== Work item ==
Pictures aside, quote the whole listing exactly.

== Dataset content ==
——————————

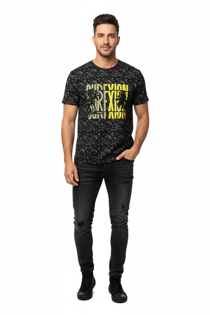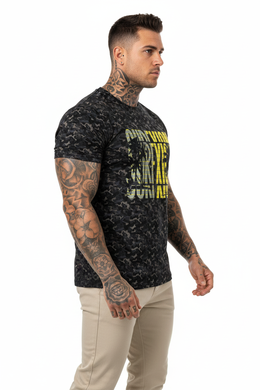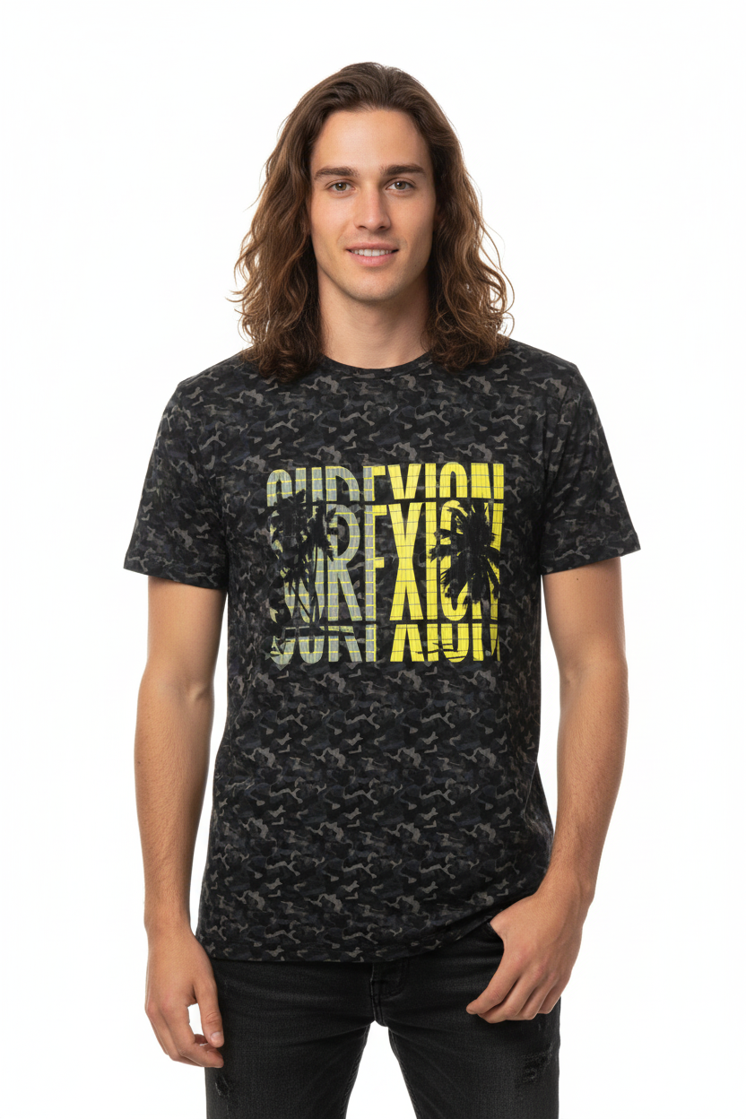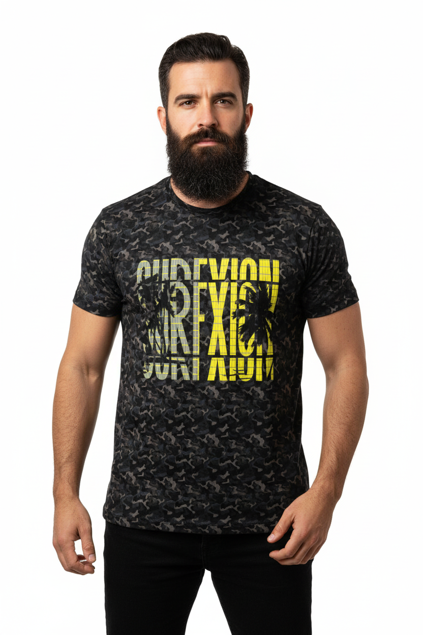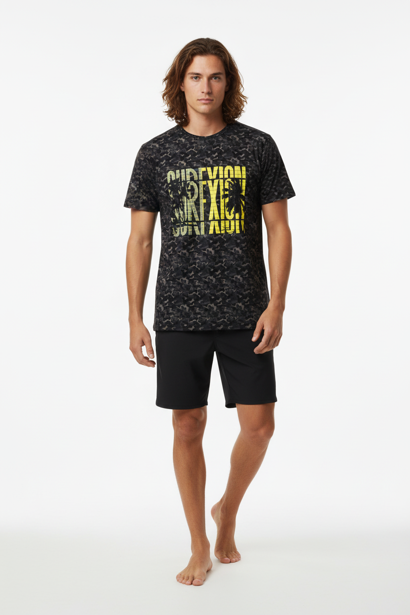 Where surf culture intersects with tactical design, the Surfxion Camo Athletic Tee showcases a bold black camouflage pattern accented by vibrant yellow "SURFXION" graphics, tailored for those who challenge boundaries both on and off the water.
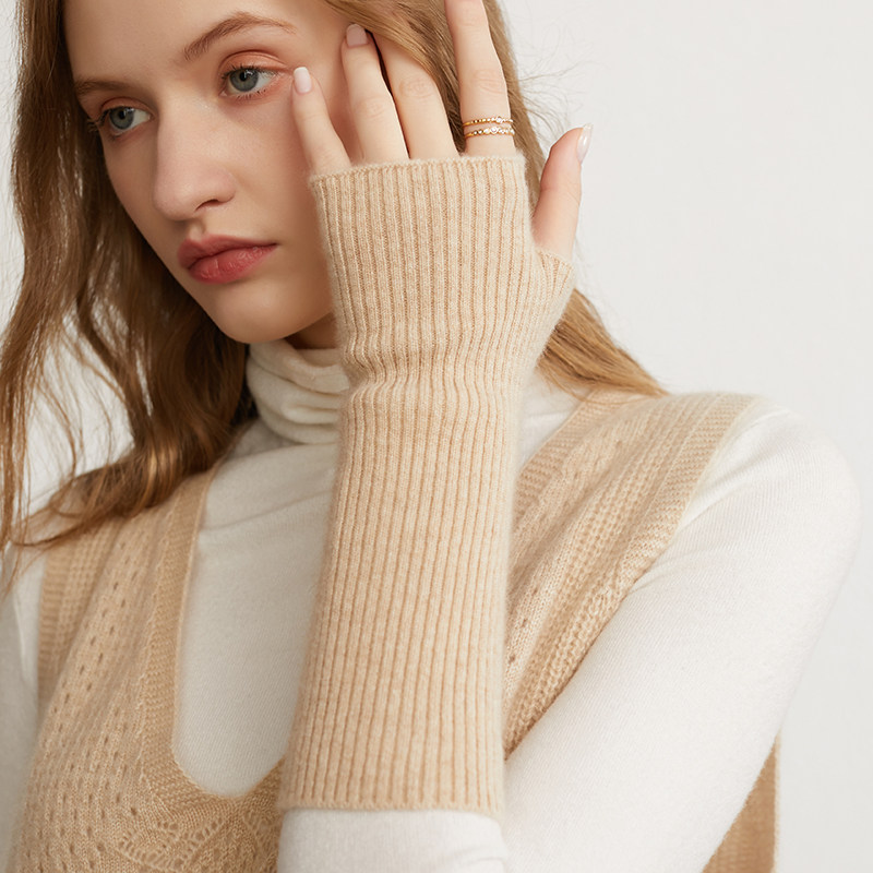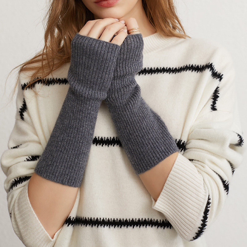 📚 加厚保暖100%纯山羊绒半指手套男女秋冬触屏半截漏指护手腕长手套
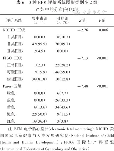 在NICHD-三级评价系统中,酸中毒组和对照组图形分别有95.5%(42/44)和89.7%(70/78)归入提示可疑胎儿酸碱失衡的Ⅱ类图形,仅4.5%(2/44)的酸中毒组EFM图形被正确解读为Ⅲ类图形。FIGO-三级评价系统中酸中毒组81.8%(36/44)的图形为“病理图形”;Parer-五级评价系统中提示胎儿酸碱失衡的“橙色或红色”风险也可识别86.4%(38/44)的酸中毒组EFM图形。
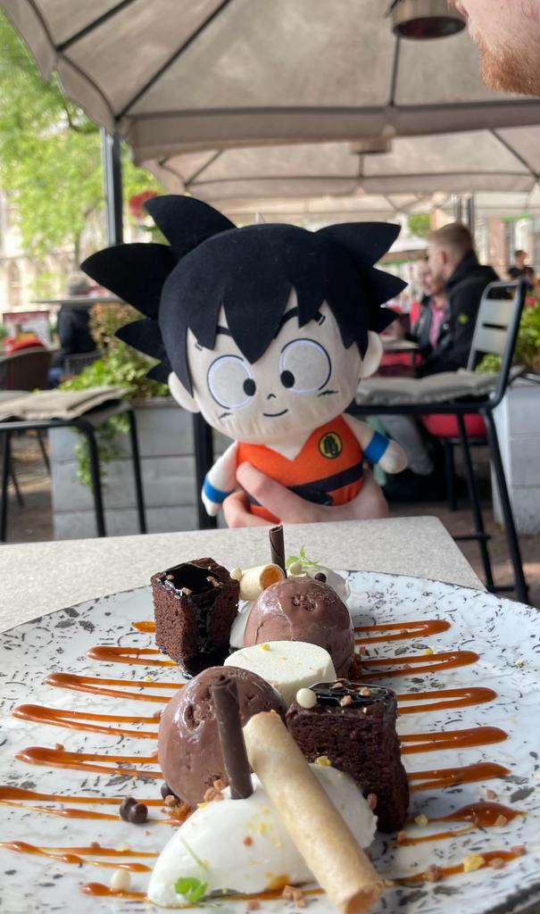Verder heb ik, als extra kers op de chocoladetaart, een chocoladedessert15:00 uur-snack gegeten! Dat was best lekker! En sowieso is Middelburg wel een leuke stad met leuke winkels en zo en willen mijn ouders er nog wel vaker naartoe om te winkelen en zo! Want er zaten veel leuke winkels in Middelburg! Helaas geen gamestore! Dat is wel jammer! Maar ik heb wel een foto van Terrence bij mijn chocoladesnack!

——————————

== Output for this exercise ==
 Where surf culture intersects with tactical design, the Surfxion Camo Athletic Tee showcases a bold black camouflage pattern accented by vibrant yellow "SURFXION" graphics, tailored for those who challenge boundaries both on and off the water.
 📚 加厚保暖100%纯山羊绒半指手套男女秋冬触屏半截漏指护手腕长手套
 在NICHD-三级评价系统中,酸中毒组和对照组图形分别有95.5%(42/44)和89.7%(70/78)归入提示可疑胎儿酸碱失衡的Ⅱ类图形,仅4.5%(2/44)的酸中毒组EFM图形被正确解读为Ⅲ类图形。FIGO-三级评价系统中酸中毒组81.8%(36/44)的图形为“病理图形”;Parer-五级评价系统中提示胎儿酸碱失衡的“橙色或红色”风险也可识别86.4%(38/44)的酸中毒组EFM图形。
Verder heb ik, als extra kers op de chocoladetaart, een chocoladedessert15:00 uur-snack gegeten! Dat was best lekker! En sowieso is Middelburg wel een leuke stad met leuke winkels en zo en willen mijn ouders er nog wel vaker naartoe om te winkelen en zo! Want er zaten veel leuke winkels in Middelburg! Helaas geen gamestore! Dat is wel jammer! Maar ik heb wel een foto van Terrence bij mijn chocoladesnack!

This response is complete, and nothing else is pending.